▶ Directions for this task: Go to the line with "Мужчина в синей" in the records below, then output it and each following line exactly, up to and including the line with "Könsneutrala dop-/dopinvitationer med". Skip pictures and add nothing.

▶ Entries provided:
<<<<

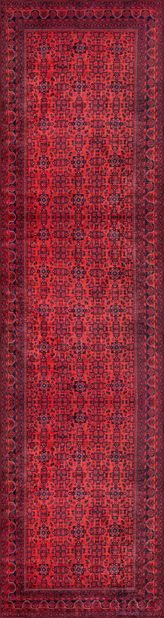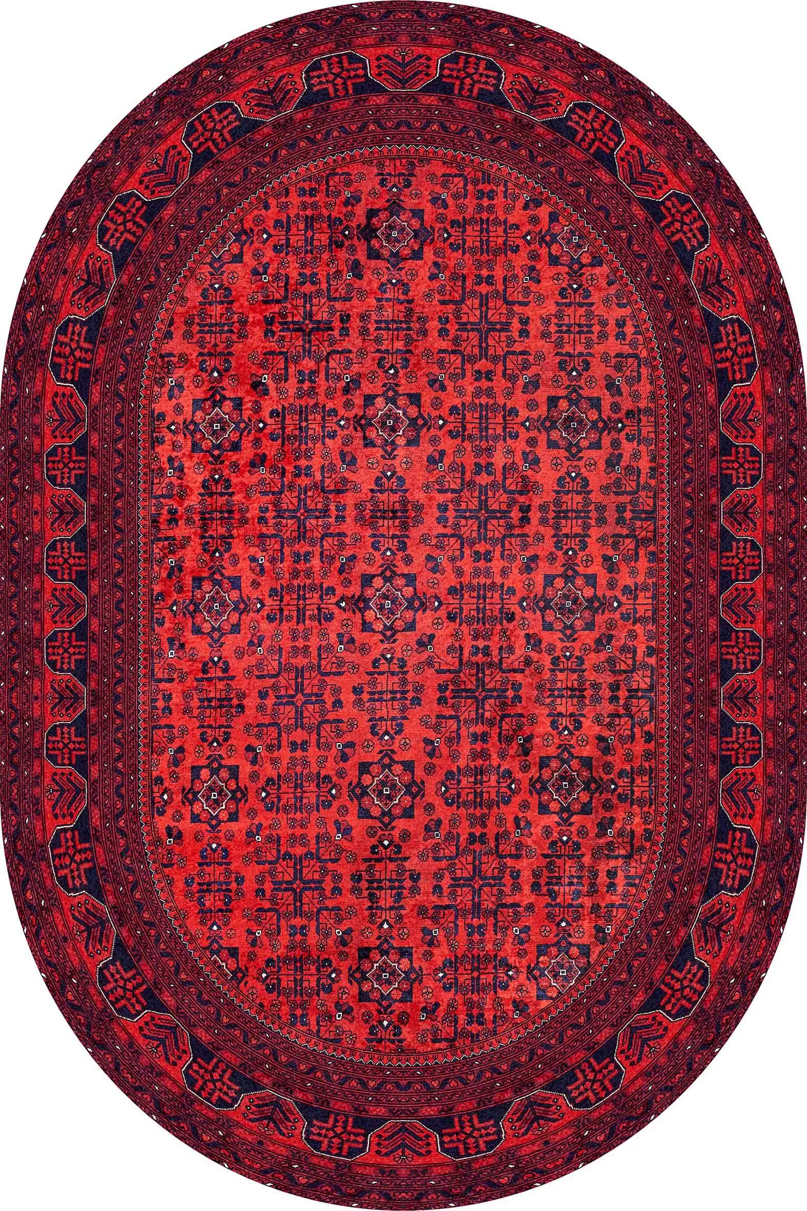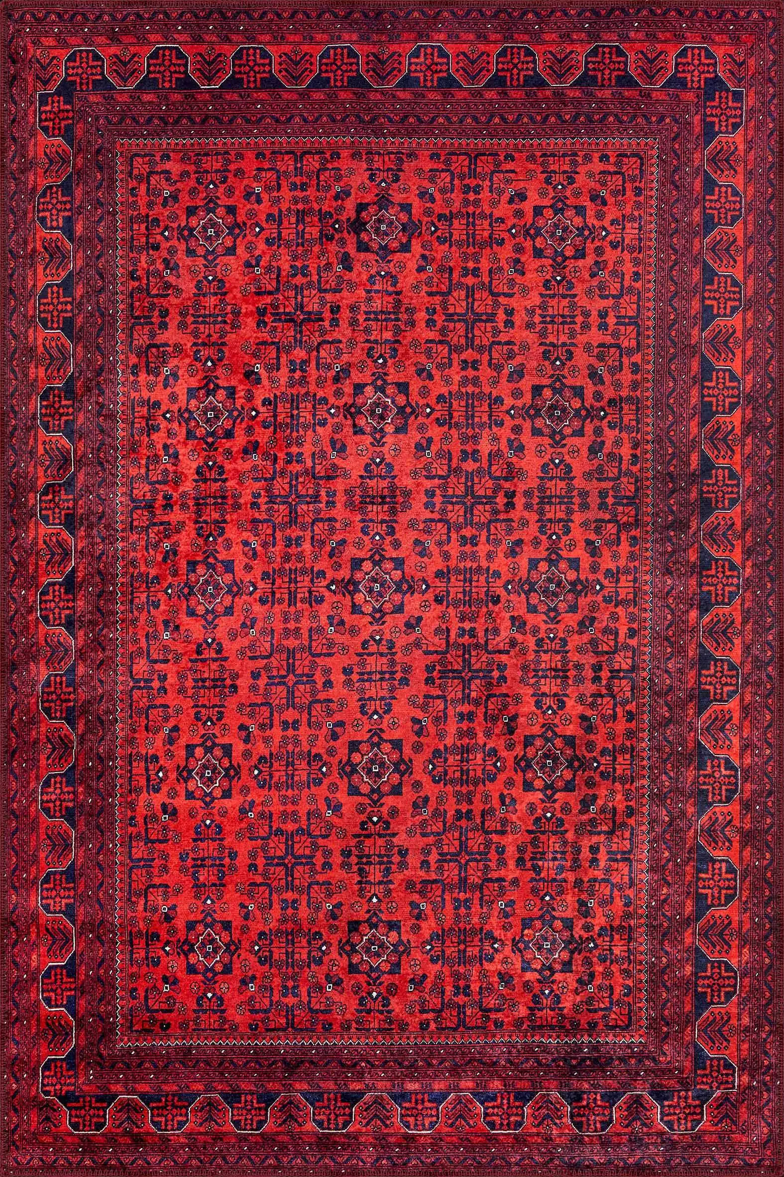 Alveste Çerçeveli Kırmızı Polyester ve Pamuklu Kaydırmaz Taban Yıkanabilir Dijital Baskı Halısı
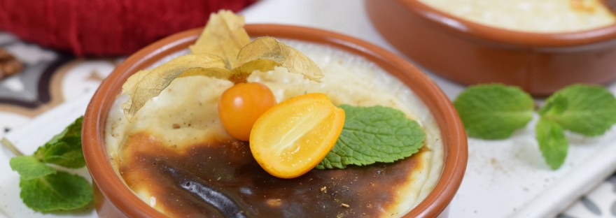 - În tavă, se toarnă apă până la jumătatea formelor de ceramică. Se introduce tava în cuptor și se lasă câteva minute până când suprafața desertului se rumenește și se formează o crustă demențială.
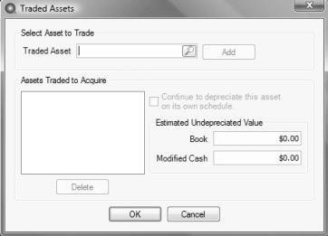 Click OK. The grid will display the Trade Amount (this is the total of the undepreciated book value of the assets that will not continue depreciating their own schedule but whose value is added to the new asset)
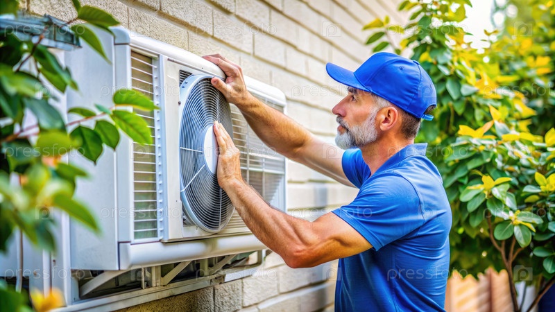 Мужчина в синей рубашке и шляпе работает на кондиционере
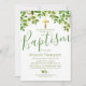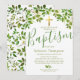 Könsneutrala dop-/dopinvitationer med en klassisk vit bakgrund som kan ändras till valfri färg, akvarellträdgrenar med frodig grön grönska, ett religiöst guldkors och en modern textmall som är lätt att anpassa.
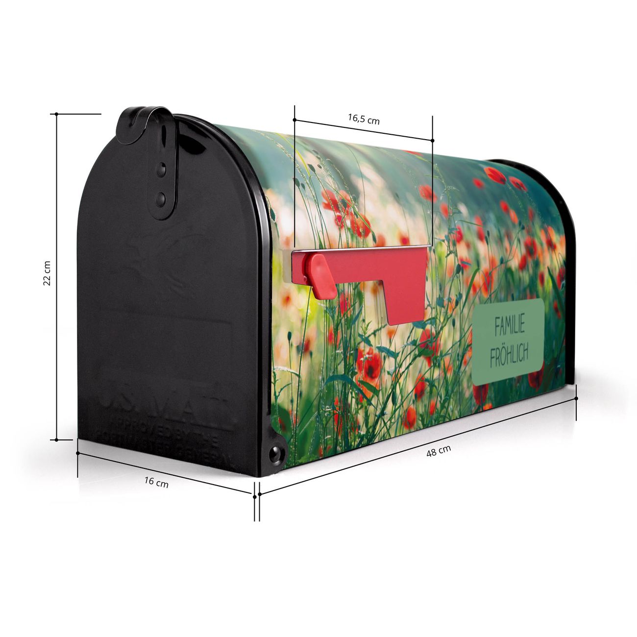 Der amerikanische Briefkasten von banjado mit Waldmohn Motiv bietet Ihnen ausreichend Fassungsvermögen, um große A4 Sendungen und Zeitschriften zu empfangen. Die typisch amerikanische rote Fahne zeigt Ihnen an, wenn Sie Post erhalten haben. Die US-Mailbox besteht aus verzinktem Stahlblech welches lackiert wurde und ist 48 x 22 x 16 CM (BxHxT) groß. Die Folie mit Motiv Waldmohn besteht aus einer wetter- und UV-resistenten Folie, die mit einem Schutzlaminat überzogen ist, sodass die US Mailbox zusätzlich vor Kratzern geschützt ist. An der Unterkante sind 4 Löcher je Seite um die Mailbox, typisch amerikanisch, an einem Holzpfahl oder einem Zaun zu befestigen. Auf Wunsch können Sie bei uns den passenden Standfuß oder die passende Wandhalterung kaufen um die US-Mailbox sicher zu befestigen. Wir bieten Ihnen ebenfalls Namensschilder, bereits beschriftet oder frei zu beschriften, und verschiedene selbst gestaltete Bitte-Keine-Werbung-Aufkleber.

>>>>
<<<<

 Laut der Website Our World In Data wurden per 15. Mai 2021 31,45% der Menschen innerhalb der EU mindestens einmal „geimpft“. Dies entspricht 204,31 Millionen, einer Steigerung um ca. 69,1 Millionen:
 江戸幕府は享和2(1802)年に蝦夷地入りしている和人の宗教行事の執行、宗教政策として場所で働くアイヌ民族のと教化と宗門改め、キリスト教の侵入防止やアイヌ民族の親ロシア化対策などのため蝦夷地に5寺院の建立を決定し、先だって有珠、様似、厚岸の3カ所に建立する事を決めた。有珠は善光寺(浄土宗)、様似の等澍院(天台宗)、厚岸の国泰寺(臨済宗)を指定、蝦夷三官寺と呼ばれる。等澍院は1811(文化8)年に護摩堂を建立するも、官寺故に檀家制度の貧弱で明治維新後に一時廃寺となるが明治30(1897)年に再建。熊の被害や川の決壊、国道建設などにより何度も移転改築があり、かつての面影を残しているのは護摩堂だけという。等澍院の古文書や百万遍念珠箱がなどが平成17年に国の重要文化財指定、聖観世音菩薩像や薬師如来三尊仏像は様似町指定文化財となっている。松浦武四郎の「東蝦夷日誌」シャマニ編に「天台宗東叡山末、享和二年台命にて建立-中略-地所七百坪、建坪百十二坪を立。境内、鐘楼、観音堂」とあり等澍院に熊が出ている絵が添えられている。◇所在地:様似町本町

>>>>

▶ Task output:
 Мужчина в синей рубашке и шляпе работает на кондиционере
 Könsneutrala dop-/dopinvitationer med en klassisk vit bakgrund som kan ändras till valfri färg, akvarellträdgrenar med frodig grön grönska, ett religiöst guldkors och en modern textmall som är lätt att anpassa.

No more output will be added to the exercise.